First VersionProblem statement (only a few sentences, at most one paragraph): Automatic evaluation of LLMs is usually done by cleverly comparing a desired result. The desired output can be evaluated using direct matching or similarity metrics (BLEU, N-gram, ROUGE, BERTScore). However, there are various reasons why KG can be used in the evaluation to support or enhance these evaluation techniques.
Explanation of concepts: Firstly, KG triplets can be used to evaluate the amount of knowledge that is represented by the LLMs parameters and how consistently this knowledge can be retrieved.

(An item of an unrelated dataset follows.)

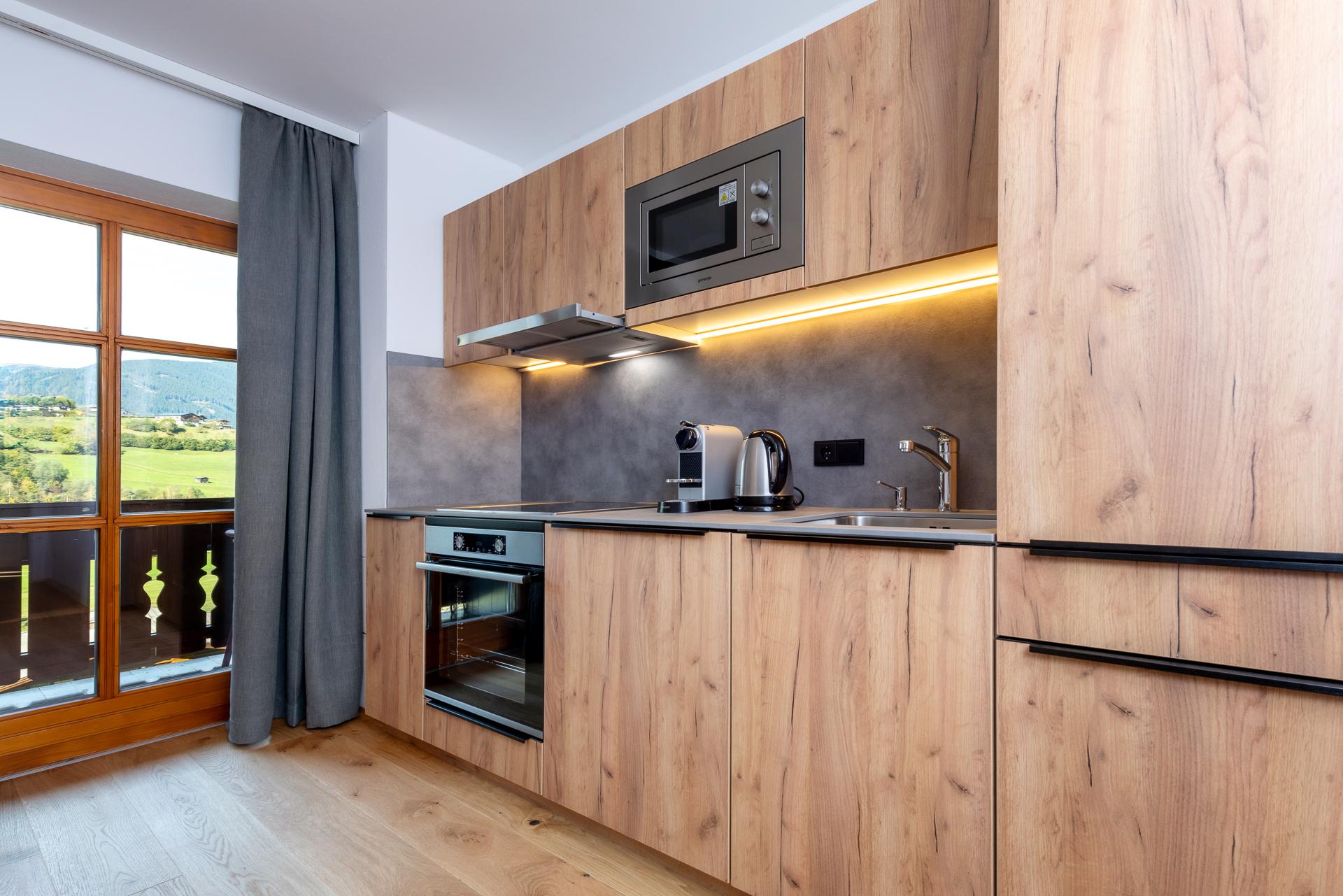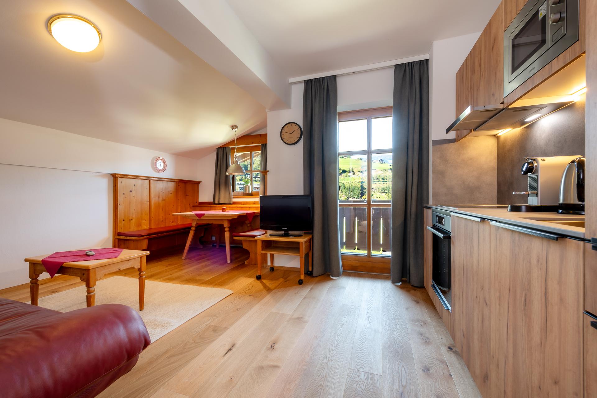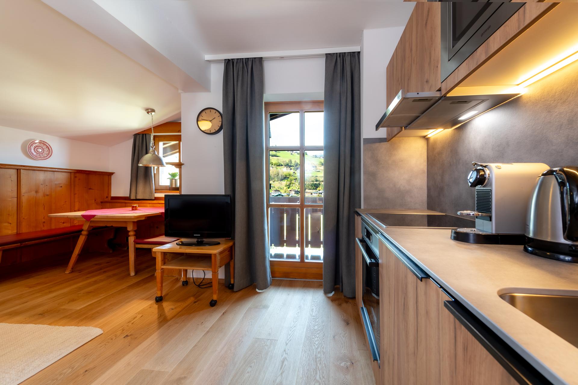 • Gemütlicher Wohn- und Essbereich mit sehr gut ausgestatteter Küche (Geschirrspüler, Nespresso Kaffeemaschine, Filterkaffeemaschine, Herd mit Ceran Kochfeld und Backofen, Wasserkocher, Mikrowelle)

Secondly, KG triplets can be used to evaluate the output of an LLM. The triplets can be compared with a KG to check factuality or knowledge coverage. Examples of this knowledge coverage would be political positions, cultural or sporting events, or current news information. Furthermore, the extracted KG triplets can be used to evaluate tasks/features where a similarity comparison of the LLM output is undesirable. This is the case for identifying and evaluating hallucinations of LLMs.
The final reason is to use KGs to enhance LLM inputs with relevant information. This method is beneficial, for example, if the goal is to use in-context learning to provide relevant information for a specific task to the LLM. In addition, planned adversarial attacks can be carried out on the LLM to uncover biases or weak points.
Both Both variants are explained in more detail below as examples.
Brief description of the state of the art (only a few sentences, at most one paragraph): ...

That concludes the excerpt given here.